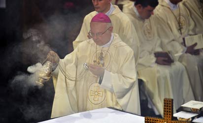 Archbishop of Freiburg, Robert Zollitsch waves incense during a mass service to mark the resignation of Pope Benedict XVI at the St. Hedwig’s Cathedral in Berlin on February 28, 2013. The mass coincides with the final hour of Benedict XVI papacy as his powers formally expire at 19:00 GMT. AFP PHOTO
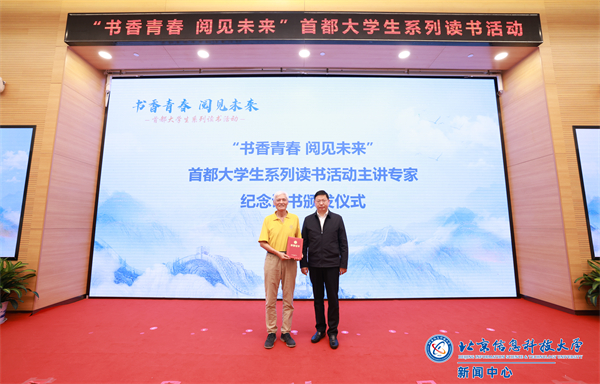 王达品为朱祖希颁发“‘书香青春 阅见未来’首都大学生系列读书活动主讲专家”纪念证书。
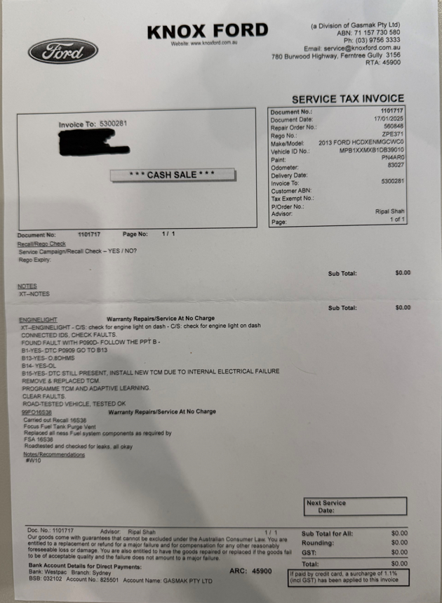 | Part of Sale | 2013 Ford Focus Trend LW II Automatic Hatchback | ||||||||||||||
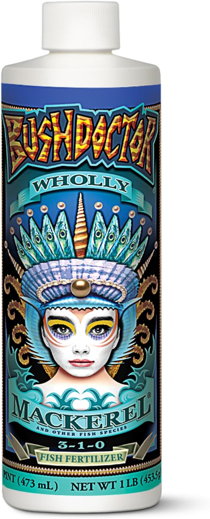 FoxFarm Bush Doctor Wholly Mackerel Fish Fertilizer, Fx14113 - Liquid Plant Nutrient for Seedlings, Transplants, and Vegetative Growth – NPK 3-1-0 (Pint)
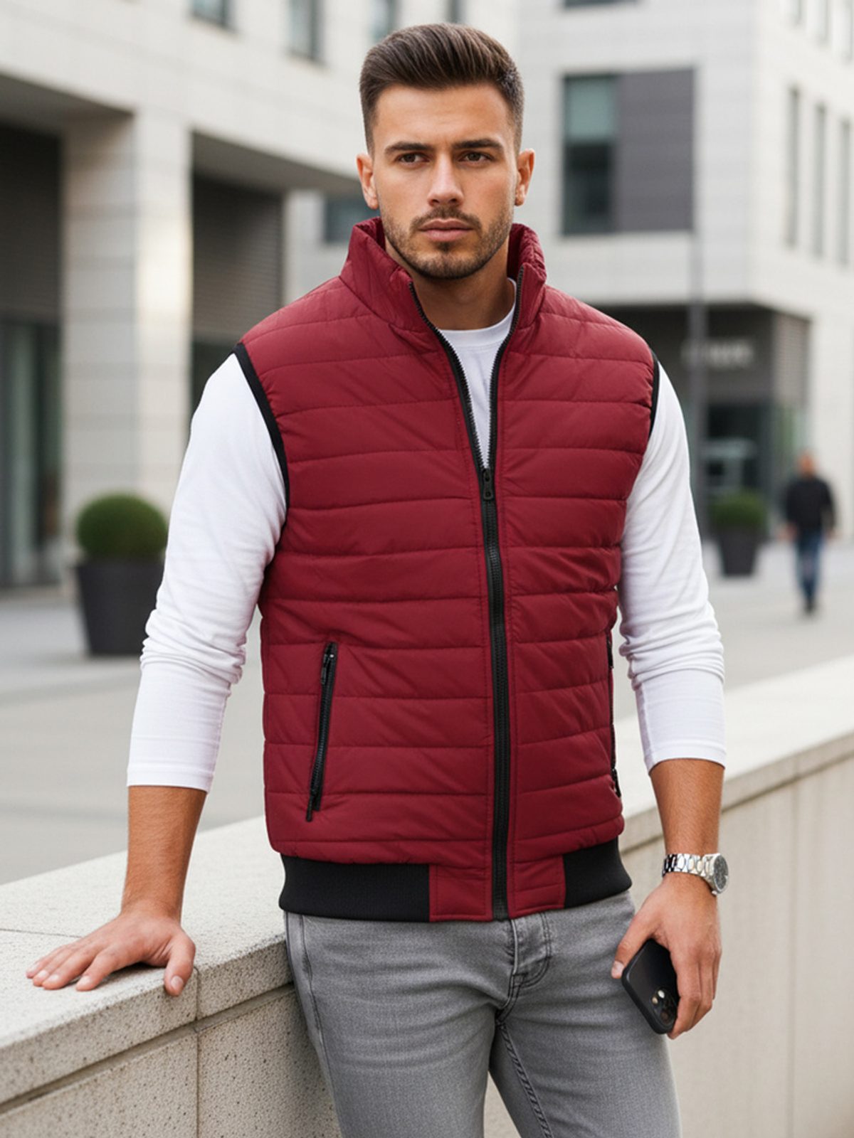 Bozena Tibenska, 12.03.2026Prešívaná vesta bez kapucne disponuje zapínaním na zips. Vesta obsahuje dve vonkajšie vrecká na zips. Otvory na ruky sú ukončené elastickým lemovaním. Spodná časť je zakončená lemom. Súčasťou je podšívka a vyvýšený golier, ktorý zahreje. Model odporúčame kombinovať s jeansami z našej ponuky.

Problem to solve
The answer is to be the lines of the listing from the first through the one with "Hatchback | ||||||||||||||", reproduced exactly, without any pictures.

Response area
 Archbishop of Freiburg, Robert Zollitsch waves incense during a mass service to mark the resignation of Pope Benedict XVI at the St. Hedwig’s Cathedral in Berlin on February 28, 2013. The mass coincides with the final hour of Benedict XVI papacy as his powers formally expire at 19:00 GMT. AFP PHOTO
 王达品为朱祖希颁发“‘书香青春 阅见未来’首都大学生系列读书活动主讲专家”纪念证书。
 | Part of Sale | 2013 Ford Focus Trend LW II Automatic Hatchback | ||||||||||||||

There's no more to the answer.